● **ACTION ITEM**: A picture should never appear in your copy. Transcribe the listing exactly from its first line through the line with "7484 | 8 € |", both ends included.

Segment Open

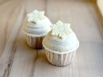 Notre Cupcake Boule de Neige est 100% Vanille : biscuit moelleux à la vanille de Madagascar, insert vanille, généreuse ganache montée à la vanille... Et l'exception qui confirme la règle de la bataille : le flocon est au chocolat blanc.
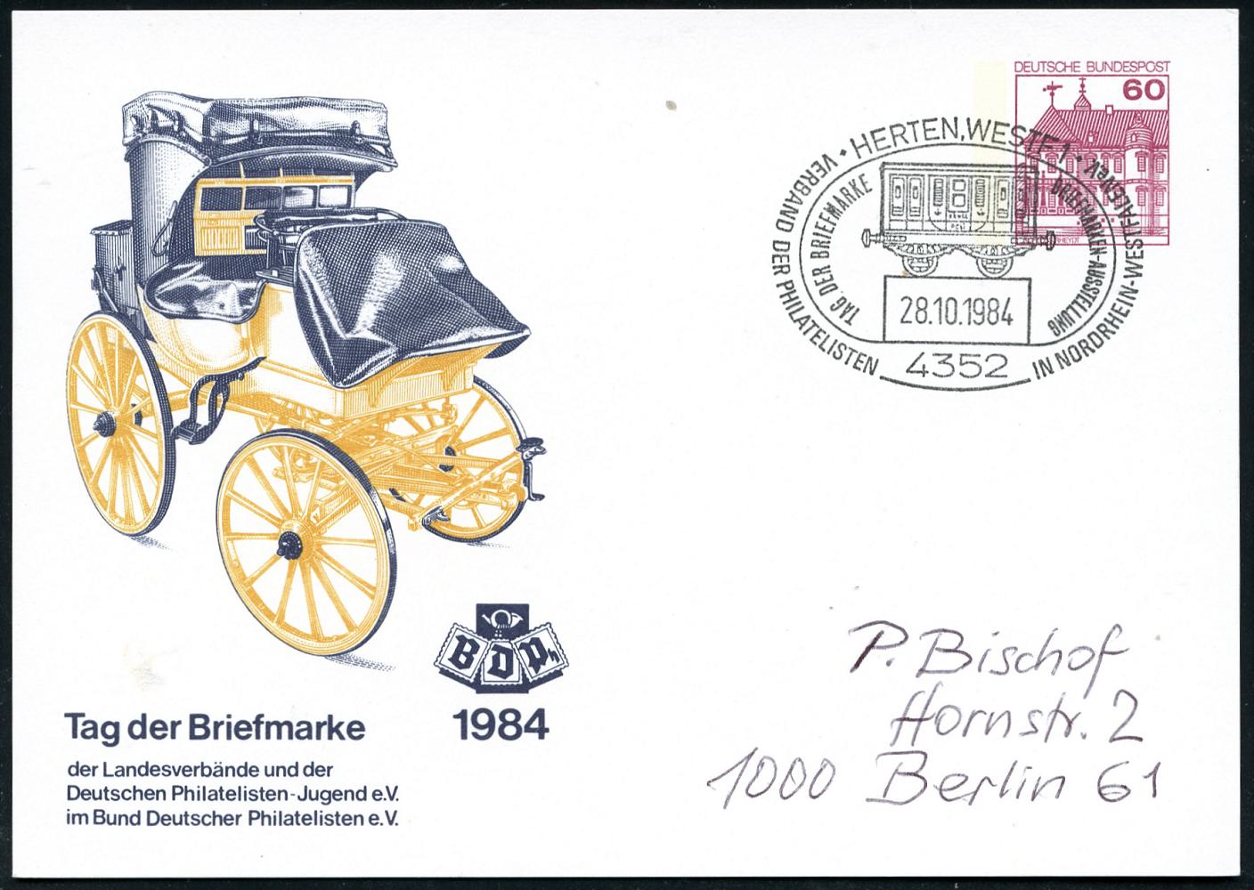 7484 | 8 € | PL-Raum 43.. (ohne Essen u. Mülheim/Ruhr) : 4352 HERTEN,WESTF 1/ TAG DER BRIEFMARKE 1984 (28.10.1984) SSt auf PP 60 Pf. "Tag der Briefmarke" (Postwagen) Inl.-Karte (Mi. PP 106/164 a) | ![]() | |
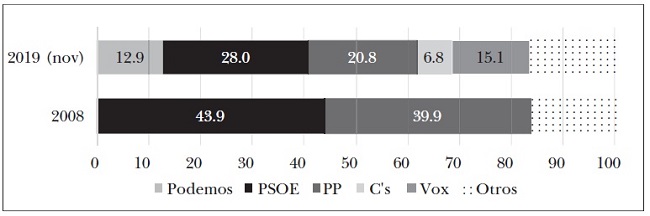 En los procesos electorales y políticos ocurridos de 2008 a 2019, se transformó la relación de fuerzas entre los partidos políticos españoles. Esto es notable cuando se comparan los resultados electorales de 2008 con los de noviembre de 2019: el debilitamiento del PP y del PSOE fortaleció a Podemos y a Ciudadanos. Véase la Gráfica 1.
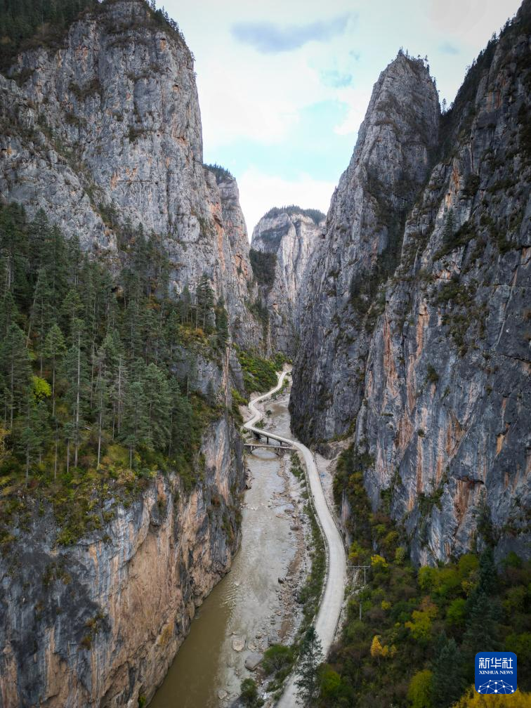 這是10月25日在西藏江達(dá)縣波羅鄉(xiāng)拍攝的吉榮峽谷一景(無人機(jī)照片)。新華社記者 聶毅 攝
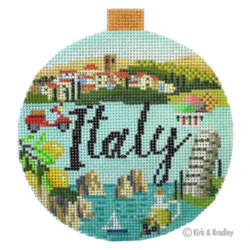 This hand painted needlepoint canvas by Bradley Needlepoint Company features a travel round highlighting attractions in Italy.
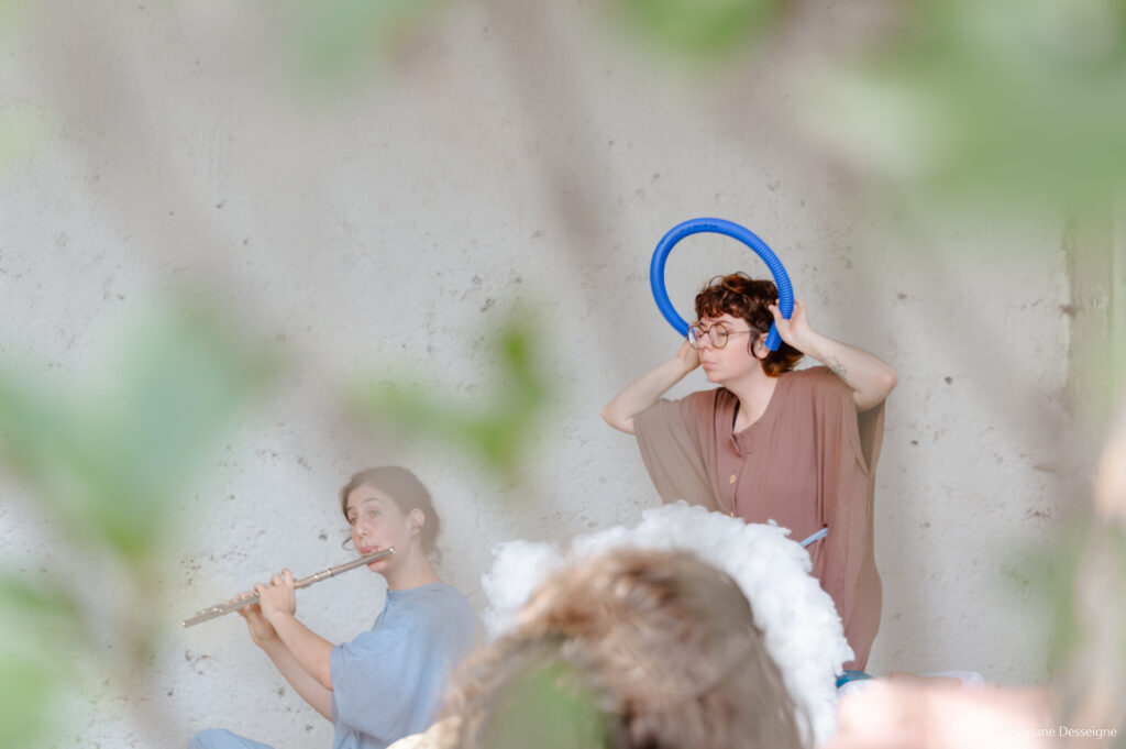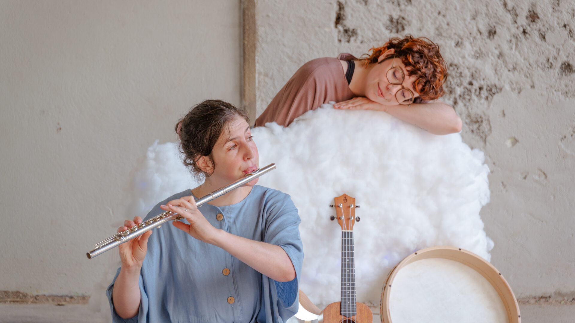 Accompagnées par un nuage cotonneux et un oiseau lumineux, deux artistes musiciennes explorent le

Segment Closed

● **RESPONSE**:
 Notre Cupcake Boule de Neige est 100% Vanille : biscuit moelleux à la vanille de Madagascar, insert vanille, généreuse ganache montée à la vanille... Et l'exception qui confirme la règle de la bataille : le flocon est au chocolat blanc.
 7484 | 8 € | PL-Raum 43.. (ohne Essen u. Mülheim/Ruhr) : 4352 HERTEN,WESTF 1/ TAG DER BRIEFMARKE 1984 (28.10.1984) SSt auf PP 60 Pf. "Tag der Briefmarke" (Postwagen) Inl.-Karte (Mi. PP 106/164 a) | ![]() | |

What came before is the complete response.